By Terri Schlichenmeyer
The Truth Contributor
Honesty is the best policy.
That’s what they say, anyhow. The truth will set you free, that’s another one. But then there are those little lies that get you by, social ones to avoid hurt, the-check-is-in-the-mail whoppers that avoid trouble, and you start to wonder about this policy thing. Sometimes, as in the new book Black Boy Smile by D. Watkins, ly¬ing is surviving.
It might not have been the first time D. Watkins lied, but the lie he told when he was about to start school was the first one he remembers: he stood up for a friend whose Game Boy was stolen. When adults asked how D. got hurt, he didn’t tell them that a bigger boy beat him up. Instead, he said he “fell down playing basketball.”
He didn’t want to go away to summer camp when he was nine. He didn’t want to leave his friends in his east Baltimore neighborhood, but his mother lied and said his cousins were going. At camp, he lied to get into the cabin where he thought his cousins would be, and he lied about being experienced with girls.
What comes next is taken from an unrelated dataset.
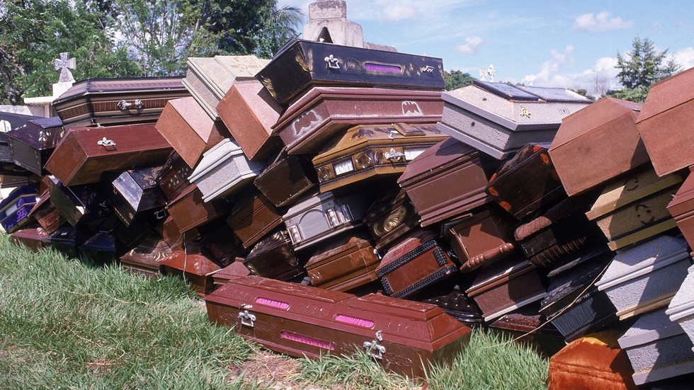 DNA analysis to identify the badly deteriorated corpses could take several months, authorities said File photo of unused coffins © Getty Images / Robert Nickelsberg/Getty Images The badly decayed bodies of at least 189 people have been removed from a Colorado funeral home after it was discovered they were being improperly stored, officials said on Tuesday, revising up previous estimates from a fortnight ago. “Teams removed at least 189 individuals and transported them to the El Paso County Coroner’s Office,” Colorado’s Bureau of Investigation said on Tuesday, adding that the process had been completed on October 13. “The total number of decedents could change as the identification and investigative processes continue.” Previous estimates had suggested that there were 115 corpses discovered at the scene. The bodies are in such an advanced state of decomposition that DNA analysis will be required to identify many of them – a process that might take several months, authorities said. The remains of the deceased individuals were discovered by authorities who responded to a report of a foul odor emanating from the Return to Nature funeral home in a poorly-cared-for building in the small town of Penrose, Colorado. Read more The discovery of the human remains came after the owners of the funeral home had failed to make tax payments in recent months and got evicted from one of their properties. They were also sued for unpaid bills by a crematory service that had stopped doing business with the funeral home nearly a year ago, reports say. “Without providing too much detail to avoid further victimizing these families, the area of the funeral home where the bodies were improperly stored was horrific,” Allen Cooper, Sheriff of Fremont County, said earlier this month. Cooper added that the scene discovered by emergency workers when authorities arrived was so overwhelming that one paramedic developed a rash and required medical treatment. The website for the funeral home says that it offers a so-called ‘Green Burial’ service, which it says is a way to care for a deceased loved one with minimal environmental impact – and without the use of embalming chemicals. State law requires that any body not buried within 24 hours must be properly refrigerated. The owners of the funeral home have not publicly commented on the situation.

When he left, he was overjoyed to escape, but not before lying about returning the following year.
He lied for his father, when they couldn’t get a “hack” to take them home on a rainy night. He denied that his father was a junkie, knowing that his Dad was shooting up. He said he was “straight” (meaning all good) when his cousin was murdered, but he was devastated inside. He omitted the fact that he was dealing drugs when he spoke with his dad later. He lied to women, he fibbed to friends, he lied to his mother, to a nurse, and to himself.
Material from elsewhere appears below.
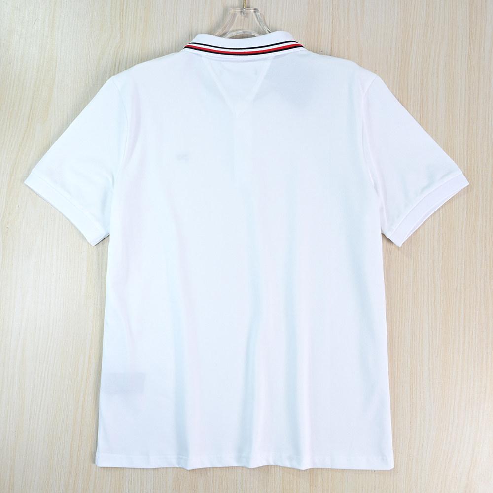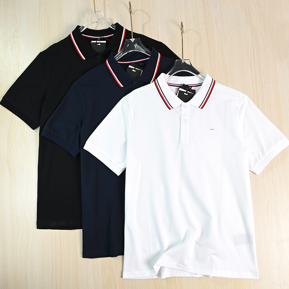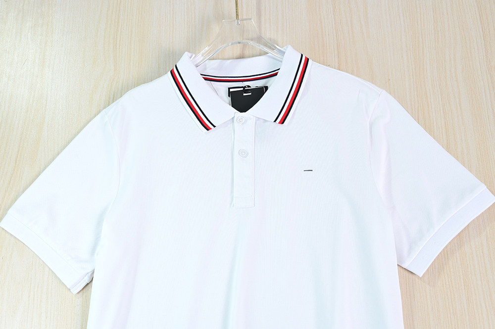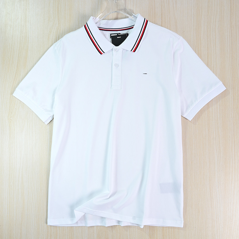 Рекомендуемые товары для мужской одежды 2512/8 Повседневная рубашка-поло из хлопка пике с контрастным воротником в американском стиле Тан с вышивкой и маленькой этикеткой с короткими рукавами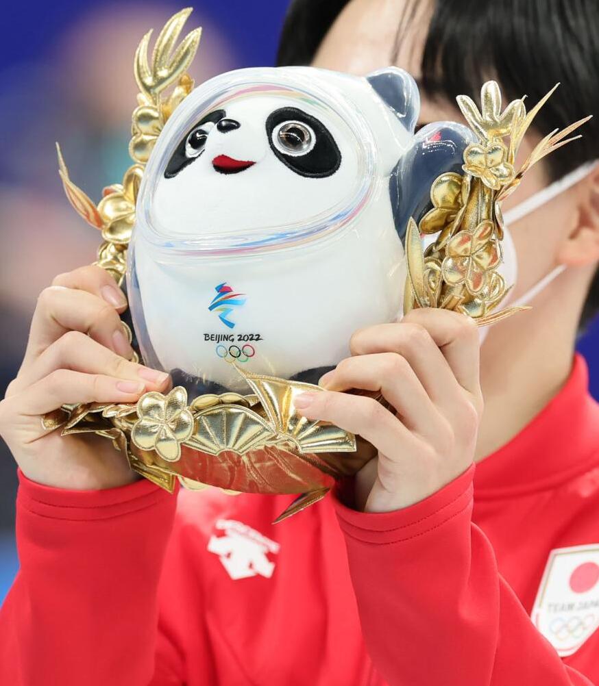 記念品贈(zèng)呈式で撮った北京冬季五輪の大會(huì)マスコット「氷墩墩(ビン?ドゥンドゥン)」。(寫真提供?新華社)

And then someone left him a book that changed his life. He discovered things about himself that pointed him in a direction he wanted to go. He met a woman who loved him and taught him to love. And though he didn’t totally give up sins of omission, he learned the unpolished truth about telling mistruths.
The title of this book should give you one big clue about its content. That last word, it’s true: Black Boy Smile will make you smile, too.
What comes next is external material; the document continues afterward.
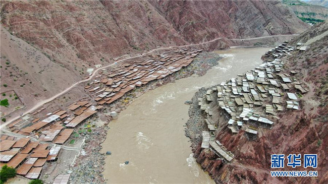 西藏芒康縣納西民族鄉(xiāng)加達村村民在鹽田曬鹽(6月4日攝)。新華社記者晉美多吉攝

Reading this memoir is like going through a pile of pictures with author D. Watkins. Here’s a snapshot, taken when he was small. Here’s a bunch, taken his summer at camp and boy, that was wild. Here he is as a teen, a friend, a drug dealer. Early tales invite readers to laugh at the typical-kid-ness of it all; later ones make us shake our heads at what might’ve happened and the lies that kept it all going. Each is told in a relaxed manner that lets readers know that not all lies lead to bad things.
Without being a spoiler, that’s something you can count on. Don’t peek ahead, but Black Boy Smile has the sweet kind of ending you want in a memoir, and that’s the honest truth.